Give back each record precisely, pictures excluded.

(Items listed in a dataset)
####################

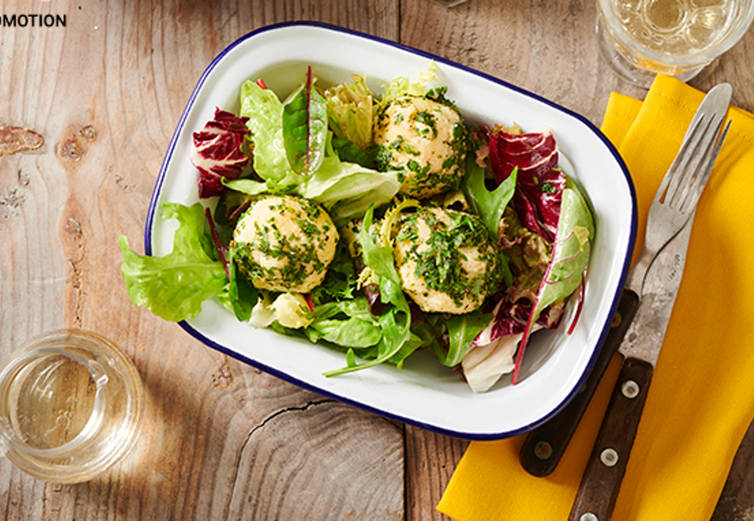 Blattsalate mit Käse-Topfenknödeln und Kräutern
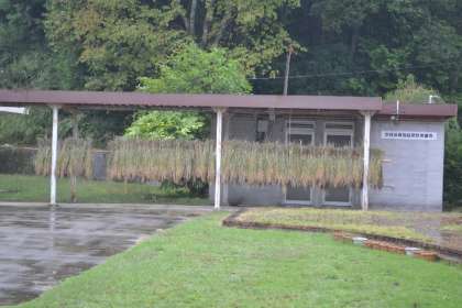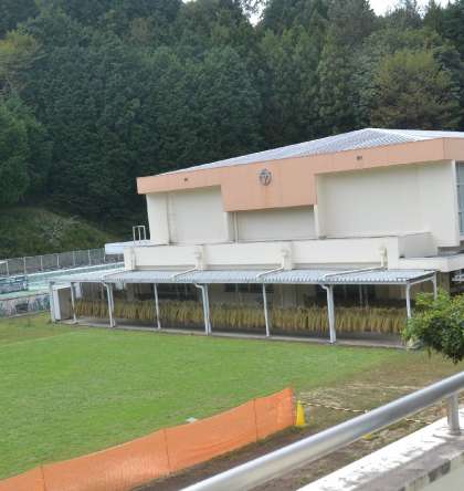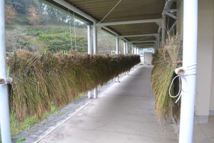 体育館まわりの屋根のあるスペースにて「はざかけ」をしています。地域の協力者のご尽力で、稲の向きや間隔に気を配りながら、ていねいに作業を進めていただきました。昔ながらの方法で、束ねた稲を竹の棒にかけて干すことで、太陽と風の力を借りてじっくりと乾燥させます。
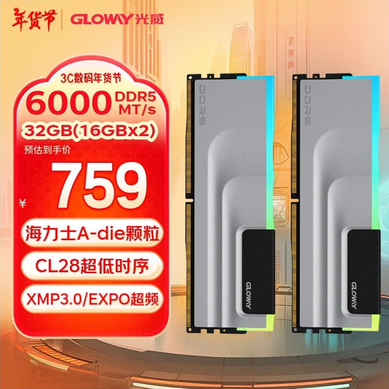 光威神武RGB DDR5 6400MHz RGB内存历史低价740元到手
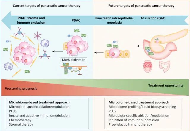 5.PDAC患者的肠道及口腔菌群组成发生改变,肠道菌群的组成影响胰腺癌免疫治疗的疗效。
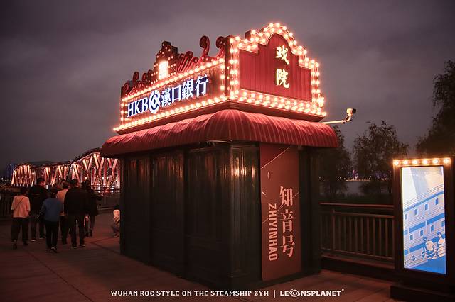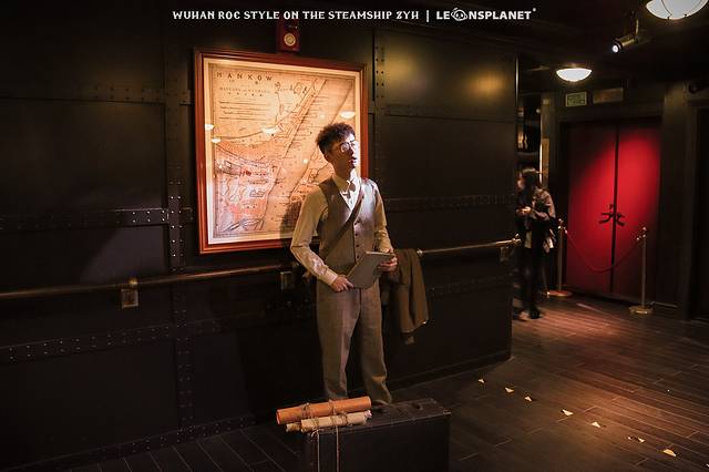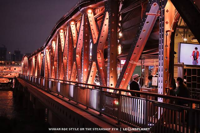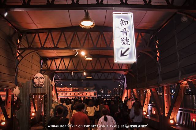 跟随这拨兴致勃勃的观众往前走,来到通往趸船的钢结构廊桥,颇有上海外白渡桥的神韵,而桥上更是被装点的满眼民国风情:

####################

**Task output**
 Blattsalate mit Käse-Topfenknödeln und Kräutern
 体育館まわりの屋根のあるスペースにて「はざかけ」をしています。地域の協力者のご尽力で、稲の向きや間隔に気を配りながら、ていねいに作業を進めていただきました。昔ながらの方法で、束ねた稲を竹の棒にかけて干すことで、太陽と風の力を借りてじっくりと乾燥させます。
 光威神武RGB DDR5 6400MHz RGB内存历史低价740元到手
 5.PDAC患者的肠道及口腔菌群组成发生改变,肠道菌群的组成影响胰腺癌免疫治疗的疗效。
 跟随这拨兴致勃勃的观众往前走,来到通往趸船的钢结构廊桥,颇有上海外白渡桥的神韵,而桥上更是被装点的满眼民国风情:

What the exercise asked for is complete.